Gracias a esas tertulias de sobremesa en las que las mujeres «hablan de sus cosas», como dicen los hombres desde su inocencia natural, la brujería se mantiene viva y los poderes se traspasan de unas a otras. Si supieran algunos señores que mientras ellos intercambian cartas y juramentos su futuro se está gestionando al otro lado de la mesa a base de órdagos de ácido acetilsalicílico, no cantarían ni reirían tanto. Alguien se podrá preguntar por la invocación a Satán, representado en el macho cabrío: ¿quedan resquicios de esta conexión con el maligno en los akelarres de mantel? Porque, claro, afirmar que detrás de la industria farmacéutica estaría el mismísimo… Yo lo dejaría aquí, que me viene a la memoria la imagen de Salman Rushdie, y no me gusta.

N
UNCA SIN MI IBUPROFENO

Tradicionalmente, la mujer vasca ha tenido mucha fe en el ácido acetilsalicílico; y por supuesto, de marca, los genéricos no triunfan en Euskadi. La aspirina, por tanto, ha sido la protagonista de los botiquines durante décadas, junto con las tiritas y el agua oxigenada. Una práctica muy habitual entre nuestras mujeres es la de tomarse una o dos aspirinas todos los días al levantarse, la clásica de «por si acaso». Los días festivos y fiestas de guardar no puede faltar la efervescente, con sus burbujitas emulando los vinos espumosos. Pero en los últimos tiempos ha irrumpido en la escena un nuevo
galán
que amenaza con destronar a la reina del botiquín: el ibuprofeno. Sobre todo son las generaciones de nuevas brujas las que están introduciendo este brebaje mágico que te quita un dolor en cinco minutos y te da un «no sé qué» que te levanta el ánimo. Es tanta la pasión que ha levantado este medicamento, que en el País Vasco los bolsos ya los venden con el ibuprofeno incluido.

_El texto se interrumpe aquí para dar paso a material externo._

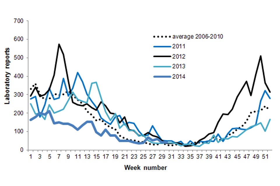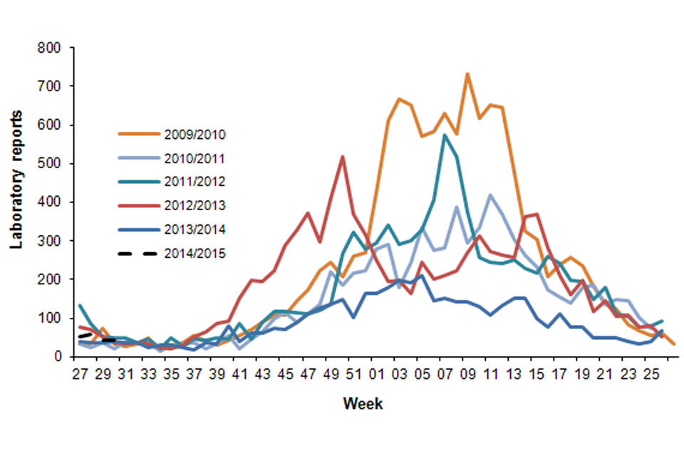 In the current season to date † (from week 27, 2014, to week 30, 2015), there were 195 laboratory reports of norovirus. This is 14% higher than the average number of laboratory reports for the same period in the seasons between 2007 to 2008 and 2011 to 2012 (171)*. The number of laboratory reports in the most recent weeks will increase as further reports are received.

El instinto de conservación

La mitología vasca cuenta que la gran diosa Mari tenía la cualidad de proteger y conservar, y que sus símbolos fundamentales eran la vasija o el vaso. Pues bien, si descendemos al ámbito de lo humano, nos encontramos con que la etxekoandre o señora de la casa, encarnación de aquella diosa Mari, curiosamente posee esa misma cualidad. Es uno de sus superpoderes favoritos, del que se benefician todos los seres que viven alrededor. Y eso es lo que hace la mujer vasca: no sólo se cuida ella con esmero, sino que dedica la mayor parte de su vida a conservar y proteger a los demás, empezando por ese señor que no puede cuidar de sí mismo, llámesele pareja, marido o consorte; y después a los hijos que tiene con él, también a los nietos y demás parentela del árbol genealógico, incluidos vecinos solitarios, mascotas, plantas y objetos inanimados. En otras palabras: la Mari «va sobrada».